Find the fraction of the total power radiated in the belt.

Answer to Problem 18P

The fraction of the total power radiated in the belt is $76.78\%$.

Explanation of Solution

Calculation:

Refer to Part (b),

$P_{\text{rad}}=-\frac{1}{120}{\displaystyle {\int }_0^{\pi }\left(4{\cos }^4\theta -4{\cos }^2\theta +1\right)d\left(\cos \theta \right)}$

The range of $\theta$ must vary from 60  to 120 . Therefore, the above expression can be rewritten as follows,

$\begin{array}{c}{P}_{\text{rad}}=-\frac{1}{120}{\displaystyle {\int }_{60°}^{120°}\left(4{\cos }^4\theta -4{\cos }^2\theta +1\right)d\left(\cos \theta \right)}\\ =-\frac{1}{120}{\left(\frac{4{\cos }^5\theta }{5}-\frac{4{\cos }^3\theta }{3}+\cos \theta \right)}_{60°}^{120°}\\ =-\frac{1}{120}\left(\frac{4{\cos }^{5}120°}{5}-\frac{4{\cos }^{3}120°}{3}+\cos 120°-\frac{4{\cos }^{5}60°}{5}+\frac{4{\cos }^{3}60°}{3}-\cos 60°\right)\\ =-\frac{1}{120}\left(-0.025+0.16667-0.5-0.025+0.16667-0.5\right)\end{array}$

Reduce the equation as follows,

$\begin{array}{c}{P}_{\text{rad}}=5.972\times {10}^{-3}\text{W}\\ =5.972\text{mW}\left\{\because 1\text{m}={10}^{-3}\right\}\end{array}$

Therefore, the fraction of the total power radiated in the belt is,

$\left(\begin{array}{l}\text{Fraction of the total power}\\ \text{ radiated in the belt}\end{array}\right)=\frac{\text{Power}\text{radiated}\text{for}60°\text{to}120°}{\text{Power}\text{radiated}\text{for}0\text{to}\pi }\times 100$        (7)

Refer to Part (b),

Substitute $7.778\text{mW}$ for Power radiated for 0 to $\pi$ and $5.972\text{mW}$ for Power radiated for 60  to 120  in equation (7).
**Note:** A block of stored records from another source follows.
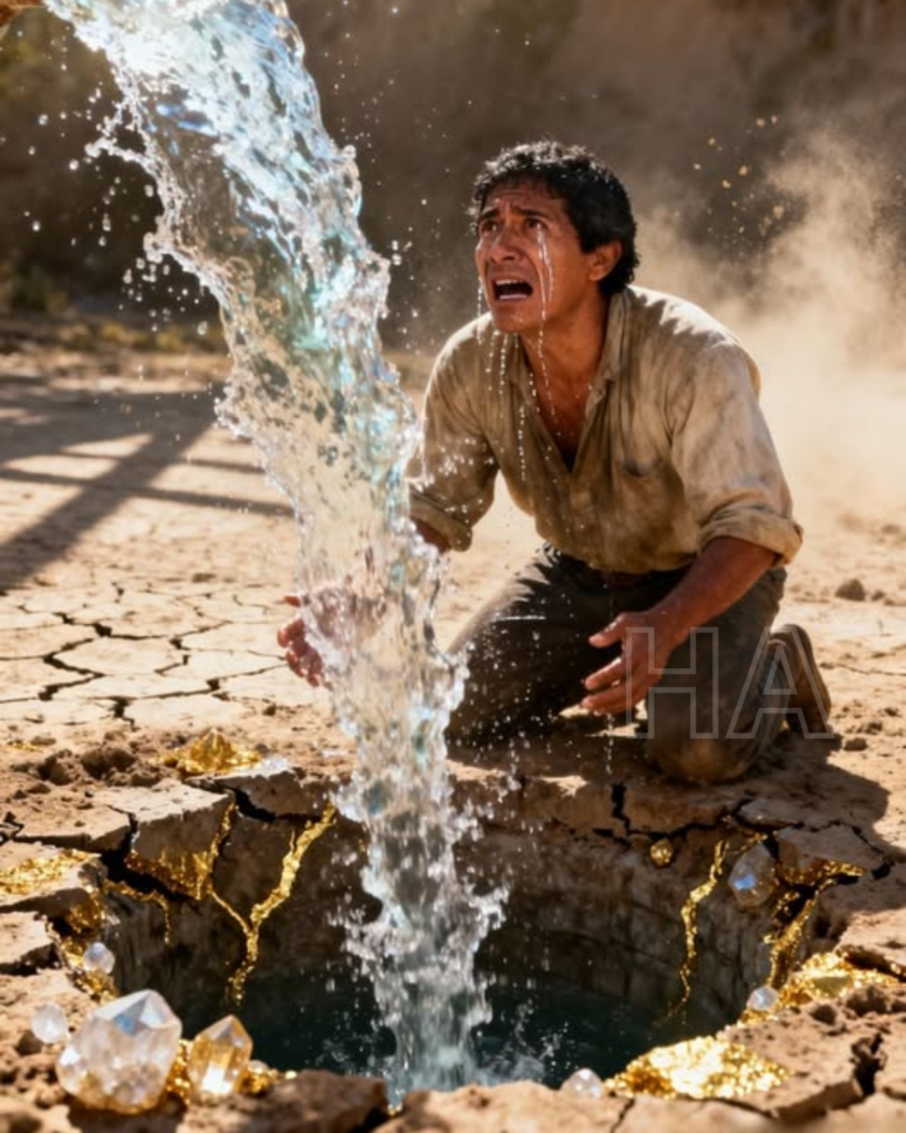 De repente, un chorro de agua cristalina y fresca brotó con una fuerza descomunal, empujando a Mateo hacia arriba. No era un pozo seco; era la entrada a un acuífero subterráneo virgen que la sequía no había podido tocar, protegido por una barrera de roca mineralizada. Mateo salió del pozo empapado, gritando de alegría, mientras el agua bendita inundaba la tierra seca y el oro brillaba bajo el sol mexicano.
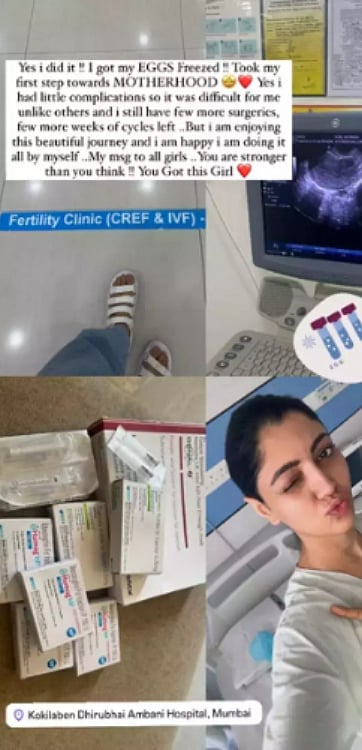 Sharing a powerful message on her Instagram story, Akanksha dropped a photo from the hospital and wrote, “Yes I did it!! I got my EGGS freezed!! Took my first step towards MOTHERHOOD. Yes I had little complications so it was difficult for me unlike other and I still have few more surgeries, few more weeks of cycle left…But I’m enjoying this beautiful journey and I am happy I am doing it all by myself.” Adding to this she also dropped a message to all the girls as she wrote, “My msg to all girls. You are stronger than you think!! You Got this Girl.”
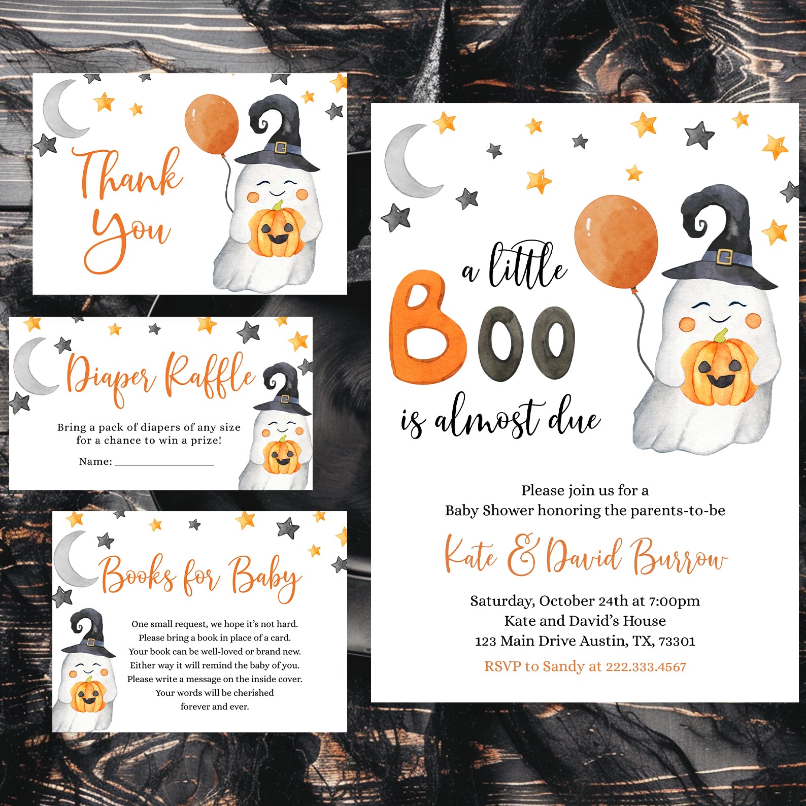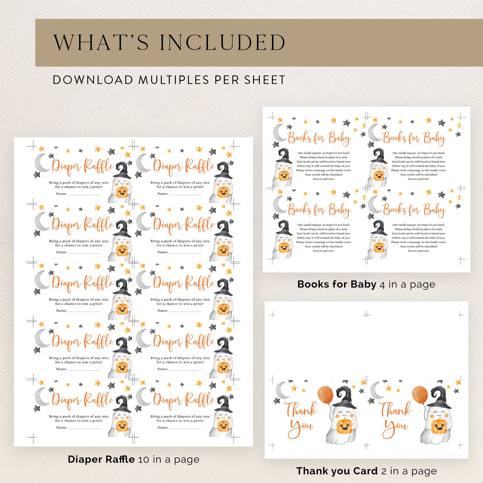 Celebrate your little one’s arrival with our adorable digital baby shower invitation bundle! This festive design features a smiling ghost with a pumpkin and witch hat, set against a backdrop of orange and black stars and a grey half moon. The playful orange balloon adds a vibrant touch to the white background, perfect for a Halloween-themed baby shower. This bundle includes invitations, mobile invites, a diaper raffle, books for baby, and thank you cards to make your event truly special.
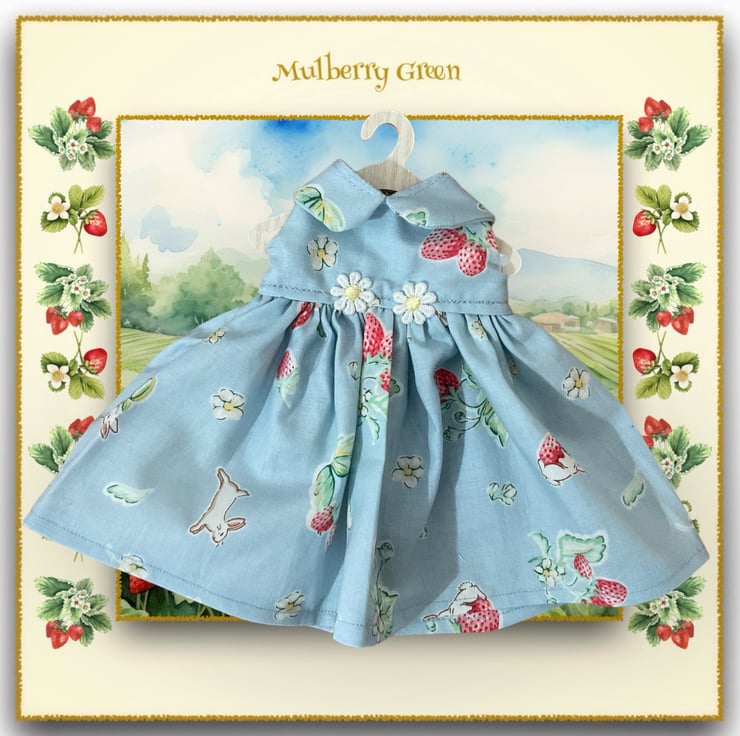 A pretty little pale blue dress in a bunnies and strawberries print, to fit the Mulberry Green characters. The dress is made from best quality cotton and has a Peter Pan collar and a lined bodice.
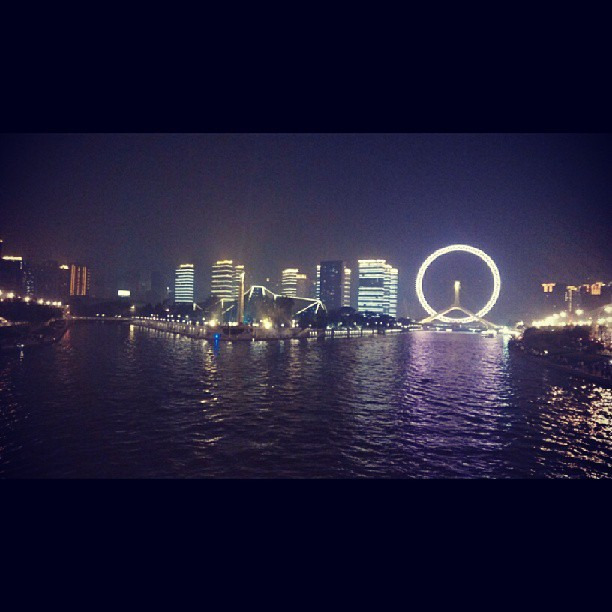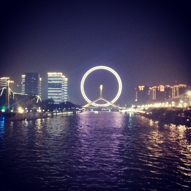 走到金钢桥就是观赏天津之眼三叉口的最佳位置了,有好多长筒相机和自拍在这里咵嚓咵嚓的,我当然也要来几张,太美了
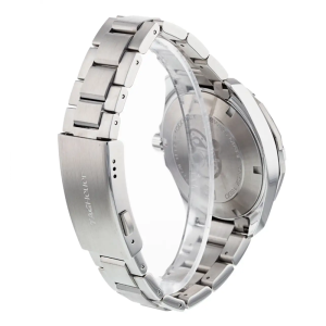 Water resistance to 300m, screw-down crown, unidirectional rotating bezel, easy-read markers, anti-reflective sapphire crystal and bracelet with diver extension and safety clasp to prevent accidental opening.
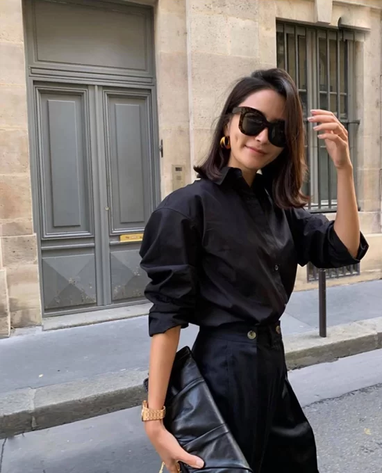 Chỉ cần một chiếc sơ mi đen có đường may chỉn chu, quần ống lửng phù hợp vóc dáng là các nàng có thể tự tin đến văn phòng hay đi dạo phố.

$\begin{array}{c}\text{Fraction of the total power radiated in the belt}=\frac{5.972\text{mW}}{7.778\text{mW}}\times 100\\ =0.7678\times 100\\ =76.78\%\end{array}$

Conclusion:

Thus, the fraction of the total power radiated in the belt is $76.78\%$.